Xpat Opinion: Hungary To Receive Previously Suspended EU Funds

  • 13 Sep 2013 11:00 AM
Xpat Opinion: Hungary To Receive Previously Suspended EU Funds
As the European Union prepares its seven-year budget for the 2014 to 2020 period, a thorny question about Hungary’s funding arose. As of last week, 10 out of our 13 operational programs were under suspension and awaiting a September 9 decision from the European Commission.

The reason? It’s a bit technical, so bear with me. In 2006, under the former, Socialist-led government, Hungarian decision-makers established a rule that wrongfully discriminated. It said that applicants for EU-funded construction projects must include engineers accredited at the relevant Hungarian professional authority to be eligible to apply. This eliminated from the competition firms that should otherwise have been eligible. During a routine review, they caught this mistake and found that several contracts between 2007 and 2013 were awarded based on this discriminatory application process.

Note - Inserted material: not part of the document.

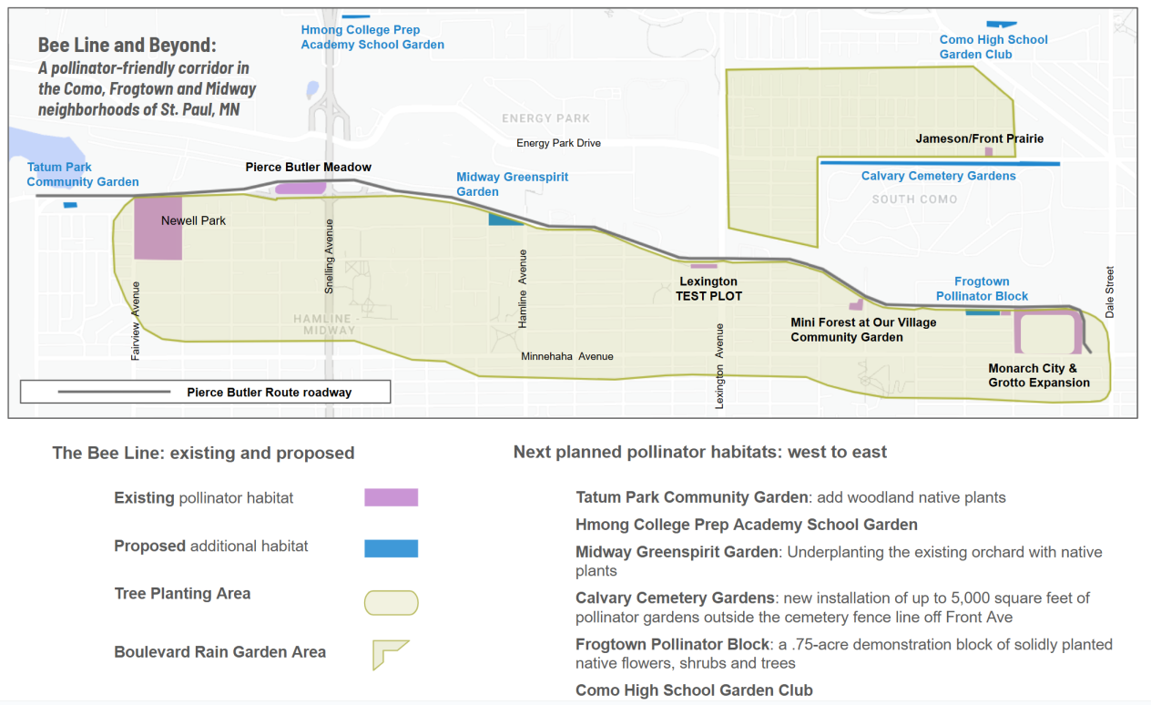 The Bee Line is a 2.25 mile corridor along Pierce Butler Route in the Como, Frogtown, and Midway neighborhoods of St. Paul that includes a series of gardens with native and pollinator-friendly plants. This all-native planting project is a neighborhood amenity, creates habitat for native insects and birds, provides stormwater infiltration opportunities, and serves as a model for low-intensity public right of way maintenance along publicly maintained roads.

When the current government took over in 2010, we were not aware of the problem that would eventually surface when the closing reviews were conducted, but we have to take responsibility for the mistakes of our predecessors. The offer extended on Monday by Johannes Hahn, European Commissioner for Regional Policy, to Hungary’s János Lázár, Minister of State heading the Prime Minister Office shows the Commission sees the true nature of the issue. They offered to apply the lightest sanction, and the Hungarian government accepted immediately. That is, 5 percent of the funds have to be paid back, but only if Hungary’s National Development Agency fails to contract that amount by the end of the year. If the agency succeeds, then in contracting the amount by the end of the year, then there would be no financial sanction.

The amount that had been suspended adds up to 2 billion euro, which will be transferred soon to Hungary, according to the Commissioner. During the Monday meeting, which wrapped up ahead of schedule, Commissioner Hahn took time to discuss Hungary’s draft plans for the distribution of funds for the upcoming seven years and noted its quality: “I have congratulated the minister because Hungary was one of the first member states to submit a really mature draft.”

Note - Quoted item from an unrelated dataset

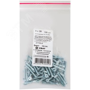 Винт DIN965 М3х20 потайная головка оцинкованный (100 шт)

The former government made a mistake in requiring chamber registration in the application phase of the process, but the European Commission appreciated the efforts the current government has made in this regard and the result is a lightweight sanction, a mutually beneficial agreement. This is the outcome, and it went according to clear EU protocols.

Take a look, however, at the international press coverage of the topic, and you’ll find the usual nonsense. You’ll find headlines about Hungary losing “maybe even 100% of its EU funding.” Some authors can’t resist the temptation to blame the every-wayward Orbán Government, despite the fact that it was a mistake of the former government. Some even suggested that the funds would be lost and that would provoke Hungary to leave the EU. Some fine examples of the kind of quality we read in fact-based reporting on Hungary!